And how does the nuclear envelope reform? In species with an open mitosis, reformation of the nuclear envelope starts during anaphase and lasts into G1 phase of the cell cycle. Nuclear assembly is regulated both by the reversal of the mitotic phosphorylation of many nuclear envelope proteins and by the local action of Ran on chromosomes. The first proteins of the nuclear envelope known to bind to chromatin in anaphase are a subset of nucleoporins; these are followed by proteins of the inner nuclear membrane, which accumulate in ER membrane domains adjacent to anaphase chromatin, most likely by interacting with their binding partners on chromatin. Closure of these ER-derived membranes around chromatin and incorporation of nuclear pores requires membrane fusion events, the mechanism of which is still largely unknown. The nuclear lamina only reforms after the nuclear envelope has been sealed and functional nuclear pores import lamins into the nucleus.

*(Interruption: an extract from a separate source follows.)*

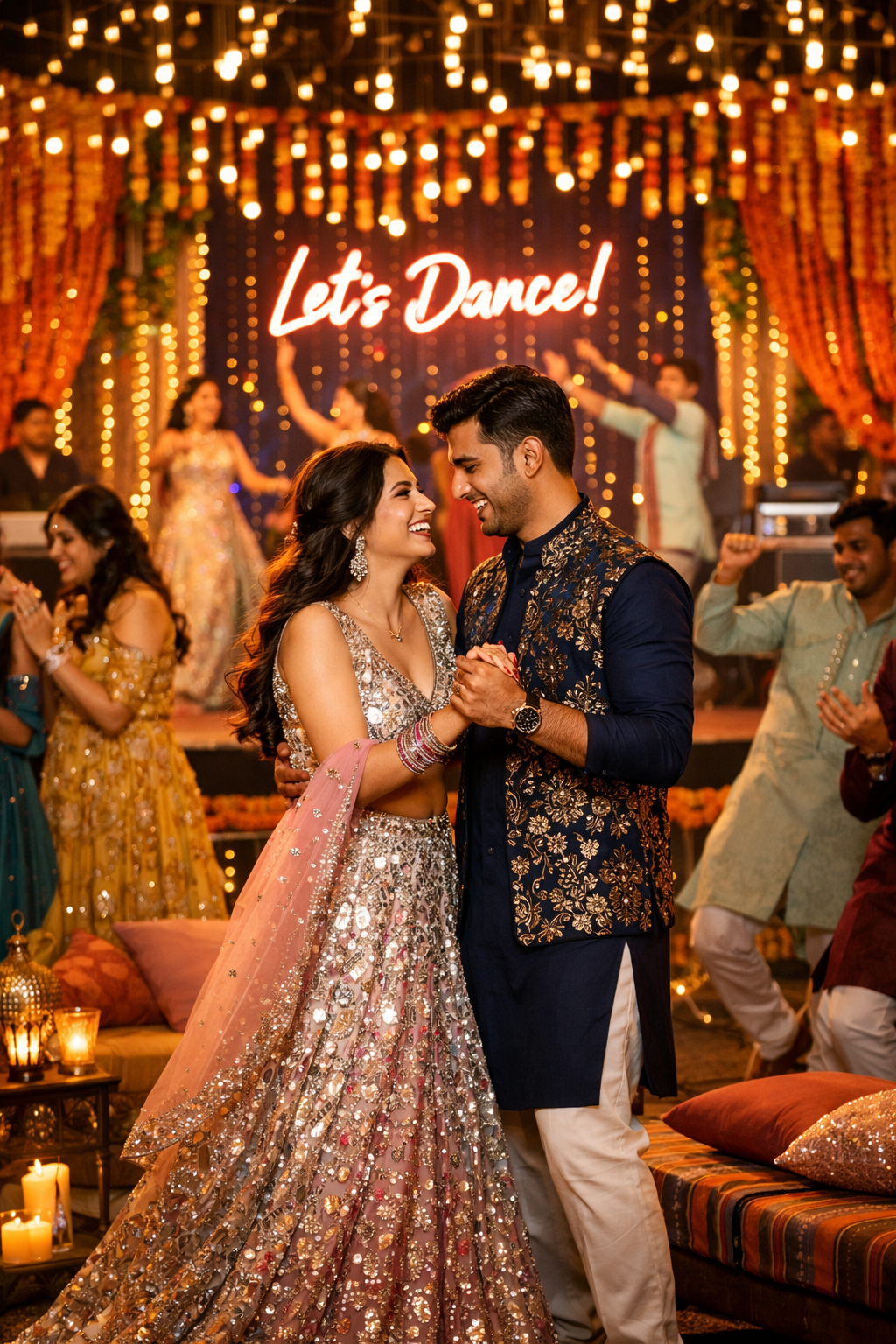The bride dazzles in a designer lehenga, complemented by glamorous makeup and statement jewelry, while the groom looks equally striking in a stylish sherwani. Guests arrive in vibrant ethnic ensembles—elegant sarees, embroidered suits, and classic kurtas—adding color to the celebration. With lively music, heartfelt moments, and nonstop dancing, the Sangeet creates memories that remain cherished long after the wedding ends.

Are there any diseases related to the nuclear envelope? Nuclear envelope proteins are implicated in many human diseases, though they tend to be very rare. Various nuclear envelope proteins are targets of autoantibodies in autoimmune diseases such as primary biliary cirrhosis. Defects in nucleocytoplasmic transport, altered expression of nuclear transport factors and chromosomal translocations of nucleoporins have all been implicated in certain types of human cancer. Mutations in the nucleoporin ALADIN cause triple A syndrome, a complex disease characterized by a particular combination of severe tissue specific defects. The largest disease group associated with the nuclear envelope are termed laminopathies, because they result from mutations mainly in the lamin A/C gene, but also in lamin interacting proteins like emerin or proteins involved in the biogenesis of mature lamin A. Although these proteins are ubiquitously expressed, the diseases exhibit diverse tissue specific symptoms ranging from myopathies and neuropathies to lipopathies and progeria syndromes (premature aging), depending on the specific mutation in the gene. The molecular mechanisms of these diseases are not yet understood; hypotheses range from failure to resist mechanical stress in muscle to aberrant regulation of gene expression.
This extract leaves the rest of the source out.